Early to Bed, Early to Rise? Corporate Wellness Policies May Not Be Wise

Published June 20th, 2016 -  - 06.20.165


In April, the insurance company Aetna announced that it would pay their employees to sleep.  Specifically, for every 20 consecutive nights that workers sleep 7 or more hours, workers are paid $25, up to $300 per year.

As part of Aetna’s broader initiative to combat sleep deprivation – inspired by the CEO’s personal exposure with several near-death experiences – the press has championed Aetna’s policy and CEO.  Arianna Huffington commented, “It really changes the cultural delusion that most businesses have been operating under, which has been … the more exhausted and burned out the employees are, the more productive they are.”

Aetna’s policy addresses some obvious concerns.   But it’s far from perfect.

An “insomnia tax”? Potential legal issues

In discussing any employee wellness incentive, issues of privacy and discrimination are key concerns.  Specifically, wellness programs have the potential to not only reveal information about employees’ health conditions but also disadvantage employees.  In Aetna’s case, workers with chronic illnesses may not be able to get enough sleep in order to meet the program requirements.

While HIPAA does preclude disability-related inquiries by employers, it did include “an exception for programs of health promotion and disease prevention.”  The ADA carves out a similar exception for “voluntary medical examinations, including voluntary medical histories, which are part of an employee health program” as long as employees are neither required to nor penalized for not participating, because employees might then feel coerced to reveal their medical histories.

However, what qualifies as a penalty is unclear – although recent case law seems to give employers significant latitude.  For instance, in EEOC v. Honeywell International (2014), Honeywell employees who did not participate in a company wellness program were not eligible for the company-sponsored health savings account and had to pay a $500 surcharge.  The judge rejected the EEOC’s motion for a preliminary injunction because the ADA allows for an incentive to be “the absence of a surcharge.”

In response, the EEOC proposed a rule in April 2015 that seeks to cap the size of employer health program incentives at 30% of the total plan cost to prevent financial coercion.  But even so, as Kristin Madison pointed out on Health Affairs, that 30% cap could allow some employers to offer free premiums to employees if they consented to a wellness plan.

With only $300 on the hook, Aetna’s sleep program is likely not coercive.  However, to protect against discrimination, the ACA also requires employee wellness programs to be:

“Reasonably designed to be available to all similarly situated individuals.  Reasonable alternative means of qualifying for the reward would have to be offered to individuals whose medical conditions make it unreasonably difficult, or for whom it is medically inadvisable, to meet the specified health-related standard. . . . Individuals must be given notice of the opportunity to qualify for the same reward through other means.”

Although Aetna will allow employees to manually tally their own hours because of privacy concerns associated with wearables, at the moment I know of no reasonable alternative it will offer for people with chronic diseases.

Not more healthy, but more wealthy: implementation problems

Even if Aetna’s sleep program does comply with legal regulations, the program seems to be more of a public relations tactic than the substantial shift in work culture claimed.  In its roundup of workplace wellness programs, the WSJ points out that “companies can waste money on programs that won’t effectively address workers’ biggest health problems.”  This criticism might also apply to Aetna’s sleep program.

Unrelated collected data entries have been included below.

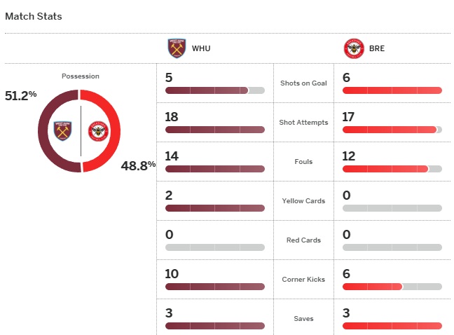 เกมคครึงแรก เบรนท์ฟอร์ด ดูจะได้บอลบุกมากว่านิดๆ แต่ภาพรวมไม่มีฝ่ายไหนได้ลุ้นทำประตูเพิ่มเลย
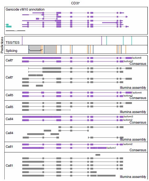 ONT全長轉(zhuǎn)錄組測序優(yōu)于Illumina數(shù)據(jù)組裝轉(zhuǎn)錄本isoform的優(yōu)勢在于從5’端到3’端測序整個cDNA分子的能力。雖然如果基因座僅表達單個isoform,使用Trinity組裝Illumina數(shù)據(jù)可能會成功,但它似乎很難分析包含多個遠距離替代特征的基因座的多種isoform。例如,ONT RNAseq在所分析的各個細胞中鑒定了CD37基因的幾種不同isoform(上圖CD37)。在大多數(shù)情況下,從單個細胞組裝Illumina數(shù)據(jù)時,Trinity無法形成完整的重疊群或產(chǎn)生ONT RNAseq未檢測到的重疊群。因此,CD37基因及其isoform鑒定突出了ONT RNAseq方法的優(yōu)勢,以確定復雜isoform多樣性,超出了短reads技術(shù)的可能性。
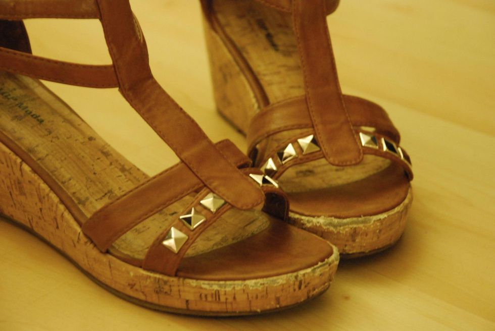 Supplies used. I studded a pair of wedges from a garage sale. I recommend practicing before you stud the shoes because removing and restudding is a difficult process.
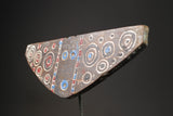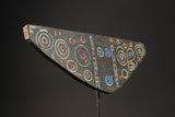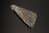 company in order to avoid losing the package African art African Wooden Carved BIG Bobo-Bwa, Burkina Faso Tribe-61.2/9.6 CM An African Wooden Carved Mask Such tall plank Wooden Carved Mask ‘dance’ alongside the Bwa people during large harvest festivals. The lower, round face part of this style of Wooden Carved Mask , called ‘Bayiri’, represents the head of an owl. The hooked projections symbolise the beak of the hornbill. Bird representations often appear on Bobo-Bwa Wooden Carved Mask in different variations. This is because birds embody the connection between the world of man and the world of the supernatural. The present plank Wooden Carved Mask is designed in the typical relief-style of the Bobo-Bwa. The owl face has large, round eyes – each one formed of three black-dyed circles in relief. It has a short, hooked beak as well as an open rhombus-shaped mouth with teeth. A handle for the dancer is placed under the oval shaped owl’s head of this tall, heavy Wooden Carved Mask . The alternating black and white colouring of individual surfaces of the relief is characteristic of Bobo-Bwa Wooden Carved Mask . This is achieved by means of soot-dye and kaolin. The front side of the towering plank, with its four hooked projections,
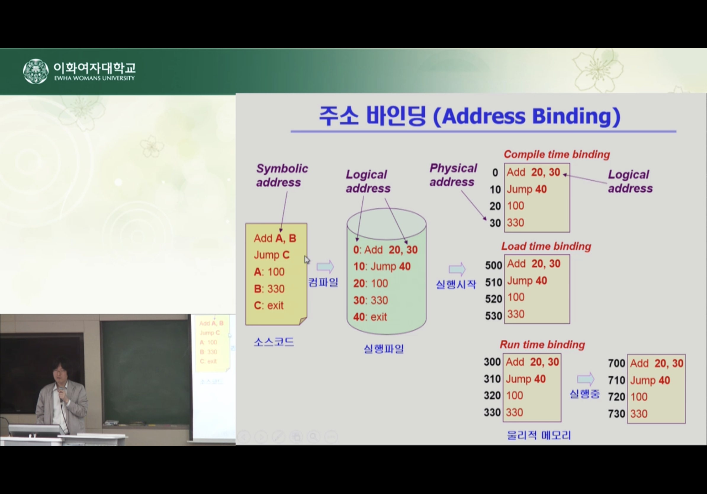 물리적인 주소로 바인딩 되는 것인 주소 변환 시점에 따라 세가지로 나누어 볼 수 있음
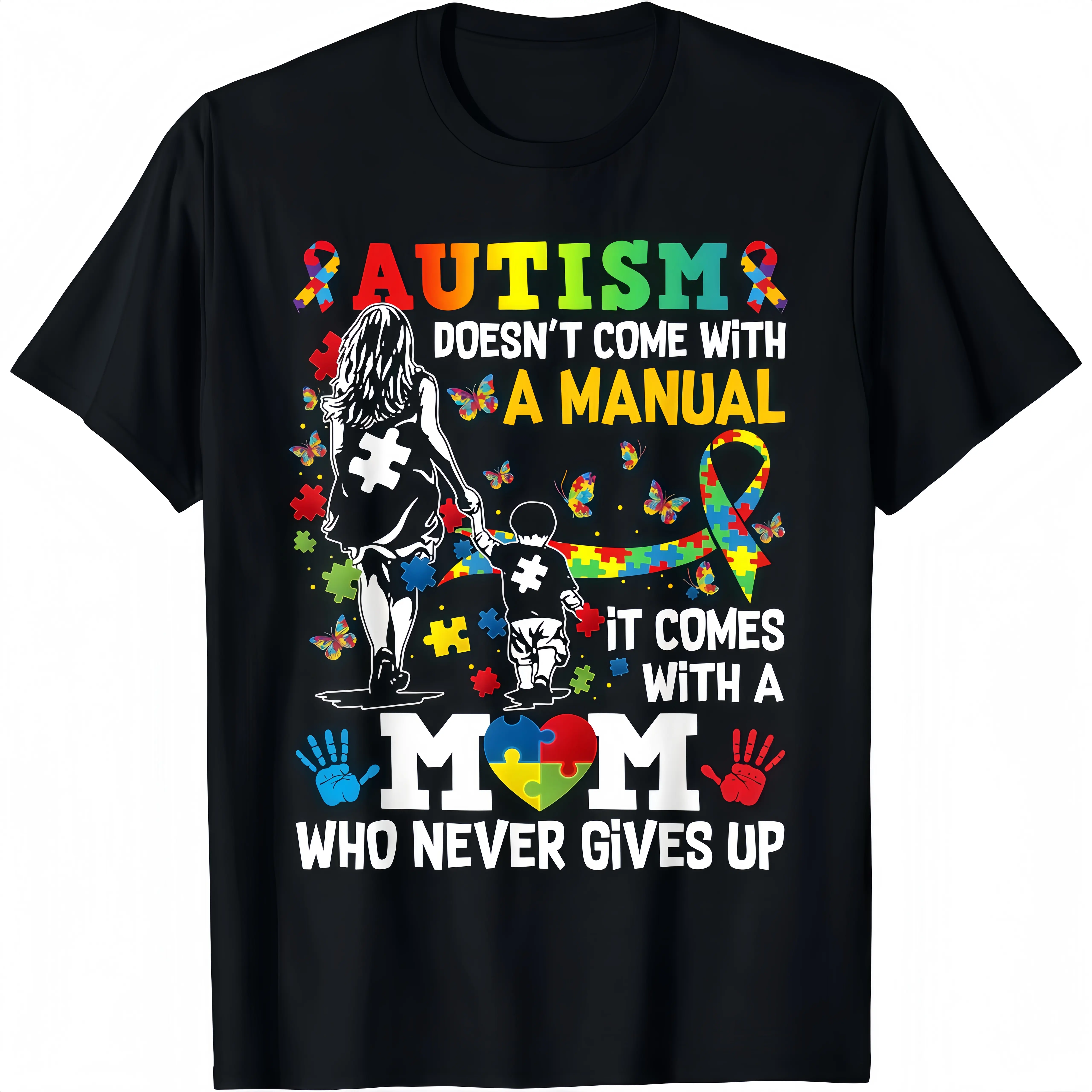This T-shirt is a statement piece for autism awareness. It features the phrase "Autism Mom Doesn't Come With A Manual," highlighting the unique journey of autism mothers. Perfect for women who want to show support and awareness. The design is simple yet impactful, making it a versatile addition to any wardrobe.
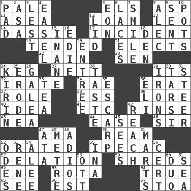 ACROSS 1. Light colored 5. Raised railways 8. Viper 11. At sea 12. Rich soil 13. Lion 14. Small ungulate mammals of Africa 17. Happening 19. Watched over 21. Chooses 22. (Had) reclined 23. Elected rep. 24. Cask 27. Remaining after all deductions 29. ___ a Wonderful Life 32. Feeling or showing extreme anger 34. Actress Charlotte 36. Part of Q.E.F. 37. Hero or heavy, e.g. 38. Double-curved letter 39. Old wives' tales, e.g. 40. The main thing one is thinking about 41. And so on (abbr.) 42. Wash lightly 43. Teachers' org. 44. Relaxation 46. Title for a knight 47. Nursemaid (var.) 50. 480, 500 or 516 sheets of paper 52. Spoke pompously 55. Medicinal drug used to evoke vomiting 57. Accusation by an informer 59. Fragments 62. Compass dir. 63. Roll call or roster of names 64. Loyal 65. Observe 66. Eastern Standard Time (abbr.) 67. Portico DOWN 1. Groovy apt. 2. White ___ sheet 3. For fear that 4. Artist's stand 5. A really long time 6. Shoestrings 7. Grin 8. Actor Baldwin 9. Posted 10. Plant holders 12. Hat (slang) 15. Silly 16. Singer Brickell 18. Lair 20. Main course 24. Japanese brewing company 25. Wear away 26. An organ shaped like a helmet 28. Clothes sense 29. Metal shackles 30. Tarsus (plural) 31. Bull 33. Beverage made from leaves 35. Fortification 36. Biblical high priest 42. Arrive at 45. Observes 47. "One Day ___ Time" 48. Distance measurement (Brit.) 49. Goodbye (Sp.) 51. Shops 52. Lyric poems 53. French philosopher Descartes 54. Toward shelter 55. _ tizzy (2 wds.) 56. Sure thing 58. Baseball player Mel 60. Superhero pair 61. Ocean

First, getting seven hours of sleep will remain systematically harder for some groups of people that are not covered under the HIPAA, ACA or ADA guidelines, such as new parents and older people.  In a statement to Slate, Aetna clarified that the sleep did not need to be continuous in order to count towards the incentive.  Yet, it’s unclear how people would manage to find more time in their day to sleep absent a corresponding shift in workload.  Moreover, Slate, however, noted the manual entering of sleep time mentioned earlier could allow for falsification of hours.  If promotion and bonuses are based on relative performance, it seems likely that people could simply lie about how much they slept, and use one of those “seven hours of sleep” to work some more.  At its worst, this could stress workers further and create the perverse incentive to lie to one’s employer.  To that end, Aetna’s incentive program may not effectively address sleep deprivation.

Second, the funds for this sleep program might be better allocated towards effective incentives that have been empirically tested, such as the expansion of Aetna’s metabolic program, which has been shown to curb health costs and disease risk using diet and exercise coaching.  While Aetna has attempted to connect sleep levels to employee productivity, it hasn’t shown this empirically yet – the study statistic it uses to cite sleep’s effect on productivity appears to be from a second wellness program that included sleep as a component.  That is, it’s possible that the increase in employee productivity could have largely been driven by other components of the program, such as yoga and meditation.  Moreover, this second wellness program appears to be less cost-effective than the metabolic program described above.

While being paid to sleep is a great start, comprehensive rest and wellness for workers is still probably a dream.